## Work required
Nothing but an exact repeat of the data, with pictures removed, belongs in the answer.

## Input material
+ + + +

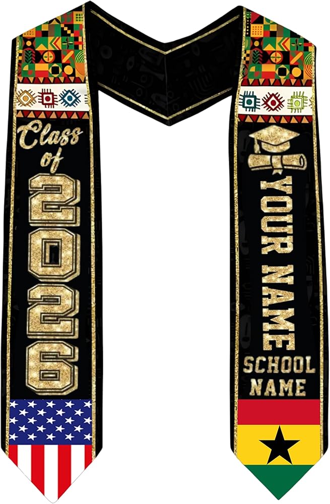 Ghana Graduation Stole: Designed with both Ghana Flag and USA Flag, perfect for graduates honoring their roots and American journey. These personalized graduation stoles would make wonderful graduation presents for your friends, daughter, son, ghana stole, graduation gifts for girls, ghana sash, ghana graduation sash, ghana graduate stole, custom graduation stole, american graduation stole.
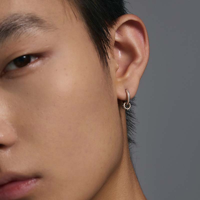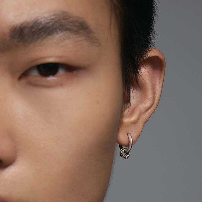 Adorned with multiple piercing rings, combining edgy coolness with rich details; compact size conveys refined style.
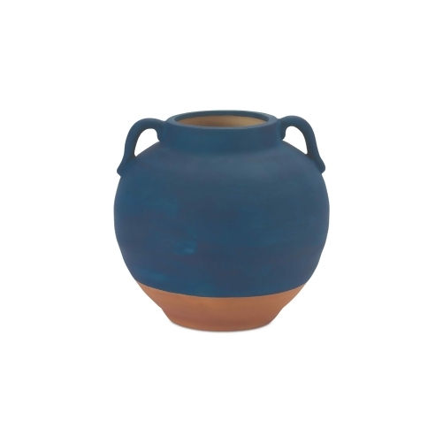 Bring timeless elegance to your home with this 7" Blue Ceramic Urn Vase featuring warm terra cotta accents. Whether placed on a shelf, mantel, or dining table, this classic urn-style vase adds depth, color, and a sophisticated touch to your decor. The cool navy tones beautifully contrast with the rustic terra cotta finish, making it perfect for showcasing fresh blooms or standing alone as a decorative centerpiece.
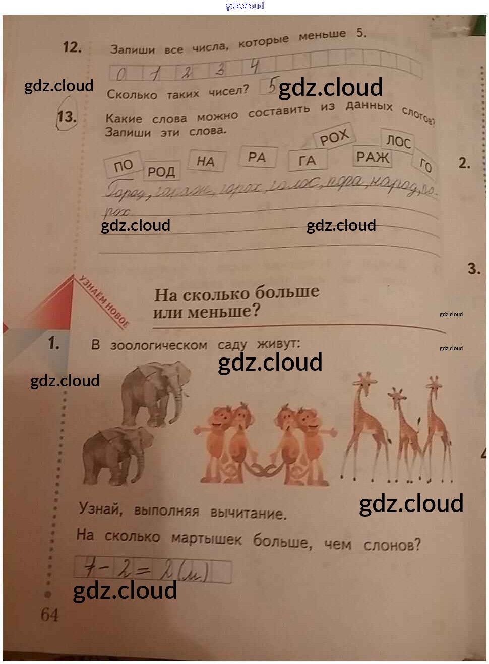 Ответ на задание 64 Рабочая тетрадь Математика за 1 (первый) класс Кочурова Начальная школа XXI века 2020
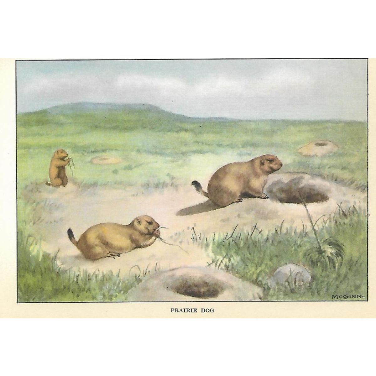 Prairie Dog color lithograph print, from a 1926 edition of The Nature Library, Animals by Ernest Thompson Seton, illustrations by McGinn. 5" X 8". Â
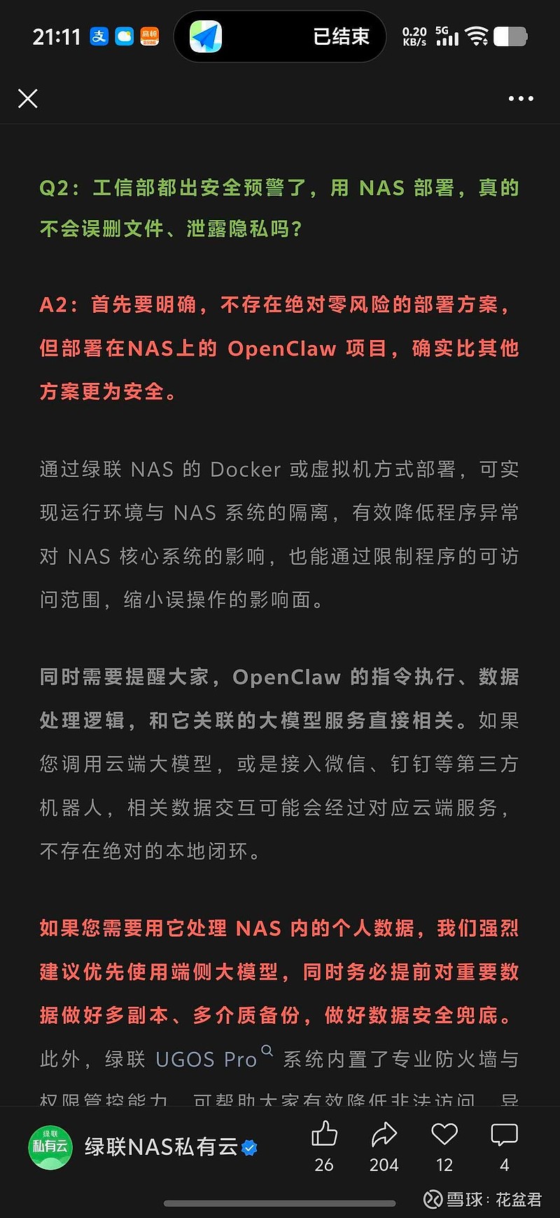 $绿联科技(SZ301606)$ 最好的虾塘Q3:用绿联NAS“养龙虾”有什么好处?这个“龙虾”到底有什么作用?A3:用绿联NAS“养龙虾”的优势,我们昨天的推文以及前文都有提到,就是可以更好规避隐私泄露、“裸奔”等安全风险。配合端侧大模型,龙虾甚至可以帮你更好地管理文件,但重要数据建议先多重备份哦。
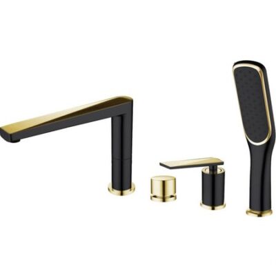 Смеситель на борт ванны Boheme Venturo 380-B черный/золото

+ + + +

## Your response
 Ghana Graduation Stole: Designed with both Ghana Flag and USA Flag, perfect for graduates honoring their roots and American journey. These personalized graduation stoles would make wonderful graduation presents for your friends, daughter, son, ghana stole, graduation gifts for girls, ghana sash, ghana graduation sash, ghana graduate stole, custom graduation stole, american graduation stole.
 Adorned with multiple piercing rings, combining edgy coolness with rich details; compact size conveys refined style.
 Bring timeless elegance to your home with this 7" Blue Ceramic Urn Vase featuring warm terra cotta accents. Whether placed on a shelf, mantel, or dining table, this classic urn-style vase adds depth, color, and a sophisticated touch to your decor. The cool navy tones beautifully contrast with the rustic terra cotta finish, making it perfect for showcasing fresh blooms or standing alone as a decorative centerpiece.
 Ответ на задание 64 Рабочая тетрадь Математика за 1 (первый) класс Кочурова Начальная школа XXI века 2020
 Prairie Dog color lithograph print, from a 1926 edition of The Nature Library, Animals by Ernest Thompson Seton, illustrations by McGinn. 5" X 8". Â
 $绿联科技(SZ301606)$ 最好的虾塘Q3:用绿联NAS“养龙虾”有什么好处?这个“龙虾”到底有什么作用?A3:用绿联NAS“养龙虾”的优势,我们昨天的推文以及前文都有提到,就是可以更好规避隐私泄露、“裸奔”等安全风险。配合端侧大模型,龙虾甚至可以帮你更好地管理文件,但重要数据建议先多重备份哦。
 Смеситель на борт ванны Boheme Venturo 380-B черный/золото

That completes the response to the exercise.